What you need to do -
Transcribe the data exactly, pictures excluded.

(Provided material Opens)

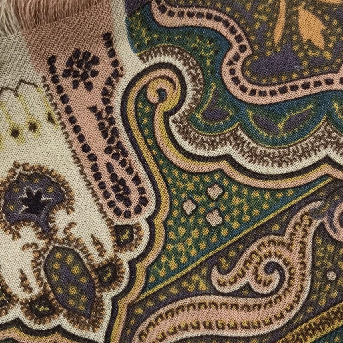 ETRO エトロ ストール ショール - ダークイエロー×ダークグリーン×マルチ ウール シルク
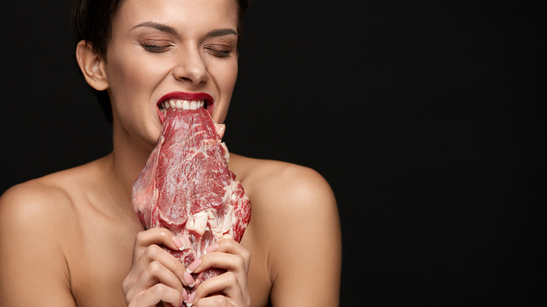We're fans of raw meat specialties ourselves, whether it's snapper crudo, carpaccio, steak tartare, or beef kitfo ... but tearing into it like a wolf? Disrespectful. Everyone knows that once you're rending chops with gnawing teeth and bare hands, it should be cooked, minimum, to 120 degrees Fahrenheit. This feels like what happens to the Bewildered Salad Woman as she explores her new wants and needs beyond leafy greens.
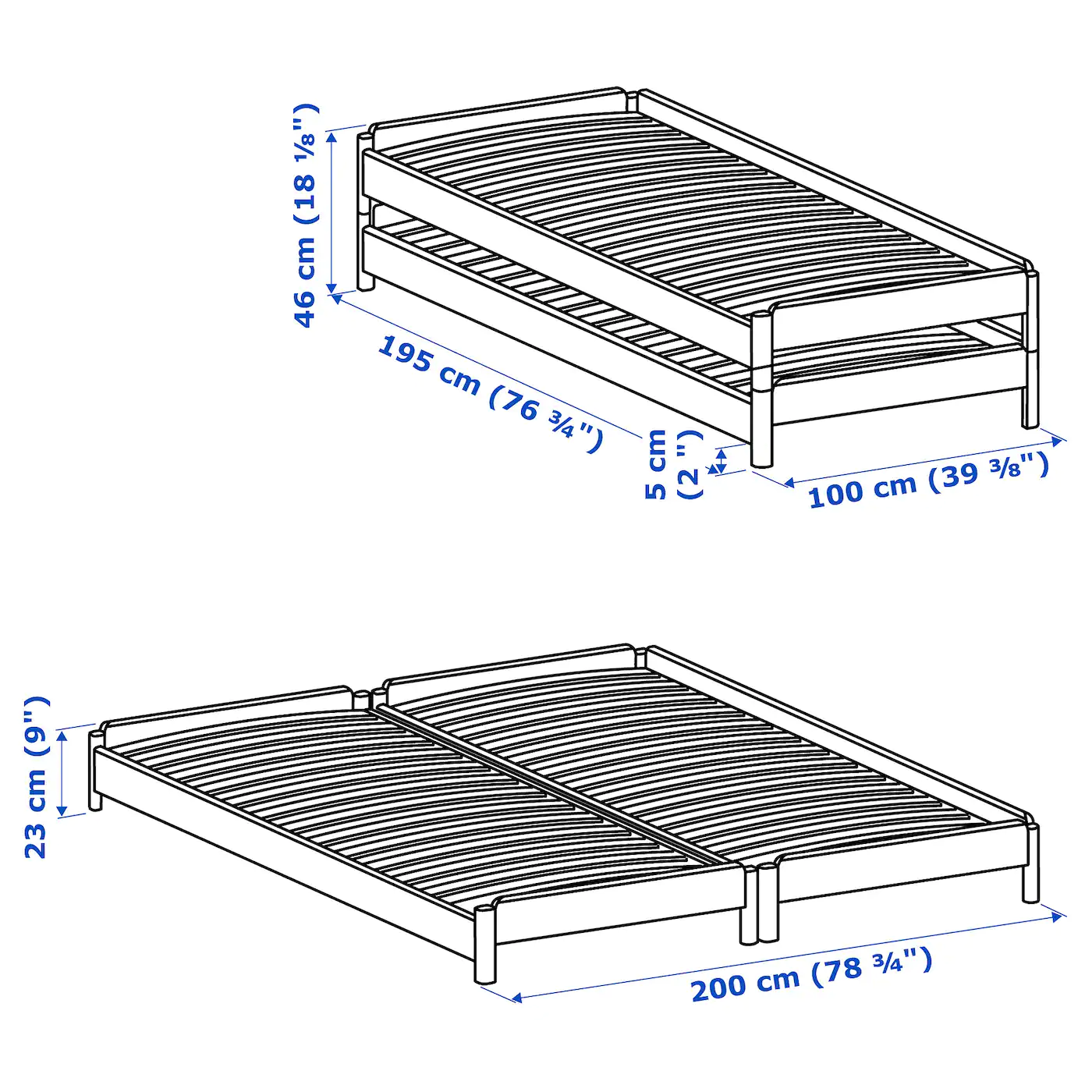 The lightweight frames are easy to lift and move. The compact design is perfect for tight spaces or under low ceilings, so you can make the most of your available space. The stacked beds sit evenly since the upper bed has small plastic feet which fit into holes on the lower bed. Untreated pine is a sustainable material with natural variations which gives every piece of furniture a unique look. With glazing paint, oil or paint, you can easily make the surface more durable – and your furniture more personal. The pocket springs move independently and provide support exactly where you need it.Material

(Provided material Closes)

Completed exercise -
 ETRO エトロ ストール ショール - ダークイエロー×ダークグリーン×マルチ ウール シルク
We're fans of raw meat specialties ourselves, whether it's snapper crudo, carpaccio, steak tartare, or beef kitfo ... but tearing into it like a wolf? Disrespectful. Everyone knows that once you're rending chops with gnawing teeth and bare hands, it should be cooked, minimum, to 120 degrees Fahrenheit. This feels like what happens to the Bewildered Salad Woman as she explores her new wants and needs beyond leafy greens.
 The lightweight frames are easy to lift and move. The compact design is perfect for tight spaces or under low ceilings, so you can make the most of your available space. The stacked beds sit evenly since the upper bed has small plastic feet which fit into holes on the lower bed. Untreated pine is a sustainable material with natural variations which gives every piece of furniture a unique look. With glazing paint, oil or paint, you can easily make the surface more durable – and your furniture more personal. The pocket springs move independently and provide support exactly where you need it.Material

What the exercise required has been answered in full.